Após reclamação de uma moradora da Avenida São Paulo II, bairro São Geraldo, em Juazeiro, sobre transtornos causados por um ponto comercial instalado irregularmente em um terreno público ao lado de sua residência, uma equipe da Secretaria de Ordem Pública e Habitação foi até o local averiguar a denúncia.
Constatada a irregularidade, o ponto foi interditado e será removido no início da próxima semana, segundo informou o órgão ao PNB que veiculou a denúncia da moradora na última quinta-feira (19).
Reclamação
De acordo com a moradora, um trailer instalado no terreno, que, segundo ela, pertence à prefeitura, vinha causando transtornos a vizinhança.
“Tem uma barraca aqui do lado da minha casa. Já fizeram de tudo ali. Já foi um bar, que causou perturbação do nosso sossego devido a brigas e movimentação durante a noite. A gente não conseguia dormir. Era confusão, barulho, muita gente”, relatou.

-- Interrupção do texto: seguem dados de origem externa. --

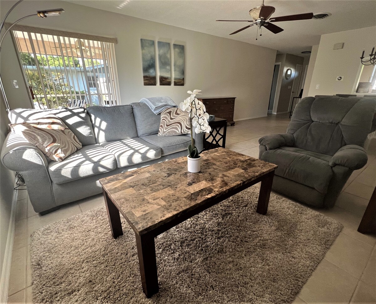 Beliggende i et ønskværdigt samfund i Venice Garden i et roligt kvarter, hvor du ikke kan se, om det er en weekend eller en hverdag. Køkkenet er fuldt udstyret, sengene er utroligt komfortable, den tilbagelænede sofa og to-personers sofa er gode til afslapning. Alt, hvad du har brug for til stranden, er inkluderet i lejen. Den private indhegning i baghaven giver dig mulighed for at overvåge dit kæledyr, mens du nyder en kop kaffe. Nyd en Netflix-gæstekonto og højhastighedsinternet fra XFINITY, der alle er inkluderet i lejen.
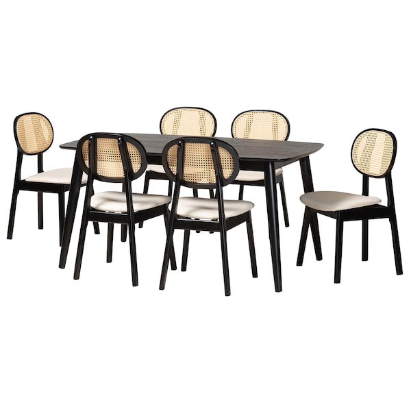 Accumulate an air of traditional elegance in your space with the Darrion dining set. Made in Malaysia, this mid-century inspired set includes six chairs and one table crafted from sturdy wood. Each seat is padded with plush foam and upholstered in soft fabric for a lavish embrace while the round backrests embellished with woven natural rattan create an alluringly cozy display. The Darrion requires assembly and features a rectangular tabletop with rounded corners to provide ample space for each member of the table. Carrying robust personality, the Darrion dining set transforms the feel of any occasion.

Ela afirmou ainda que o local chegou a abrigar uma colmeia de abelhas, o que teria provocado acidentes com moradores da região.

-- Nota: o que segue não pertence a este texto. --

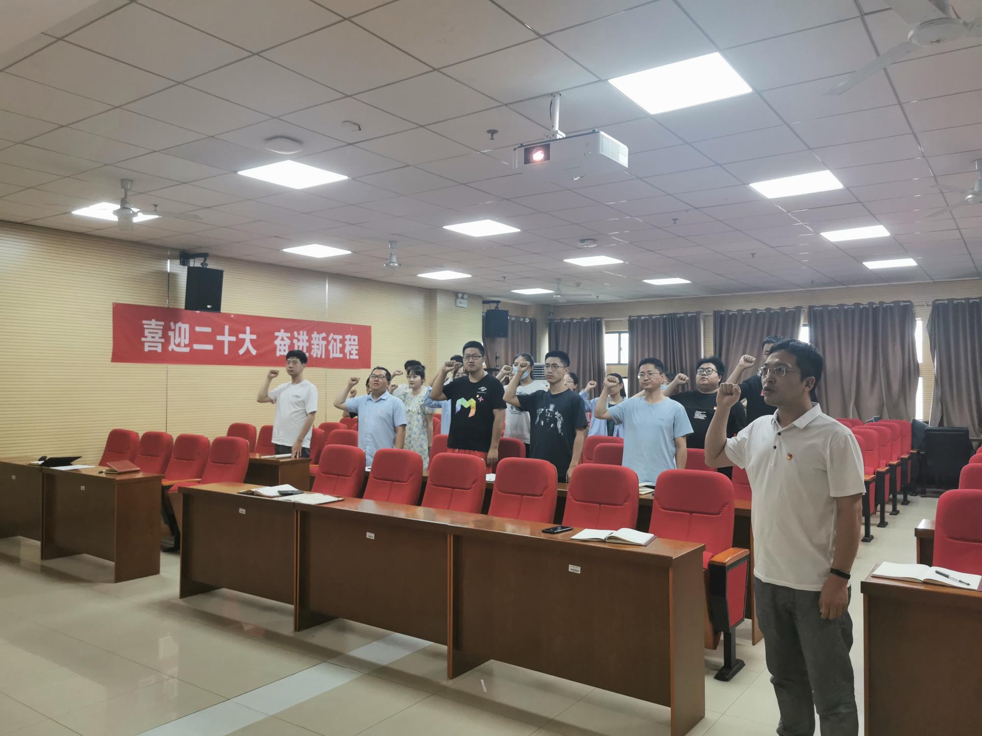“我志愿加入中国共产党,拥护党的纲领,遵守党的章程,履行党员义务......随时准备为党和人民牺牲一切,永不叛党。”面向鲜红的党旗,副处级组织员王敬涛作为领誓人,带领党员重温入党誓词。铿锵有力的誓言声表达了对党的忠诚之心和为共产主义事业奋斗终身的坚定信念。

“Além de ter sido um bar, também já foi abrigo de colmeia de abelhas. Muita gente foi ferroada por causa disso”, contou.
Ainda segundo a moradora, houve uma tentativa de construção irregular no terreno, que foi interrompida após ação da fiscalização municipal.
“A fiscalização veio, derrubou e disse que ele não tinha direito, porque não tinha documentação e o terreno é da prefeitura”, afirmou.
Segundo ela, no entanto, o homem que se apresenta como dono do espaço voltou a realizar intervenções no local, instalando estruturas de ferro próximas à sua casa, o que aumenta o risco de invasões.
“Ele fez uma puxada de ferros quase encostada na minha casa. Isso facilita até para ladrão subir. Eu tenho medo, sou de idade e moro sozinha. Fui falar com ele e ainda recebi desaforo. Ele diz que o terreno é dele, mas não mostra documento nenhum”, disse.
A moradora pede providências urgentes por parte do poder público.
“A gente quer que tomem uma atitude, que tirem essa estrutura. Não está certo. É um terreno da prefeitura e está sendo usado de forma irregular”, cobrou.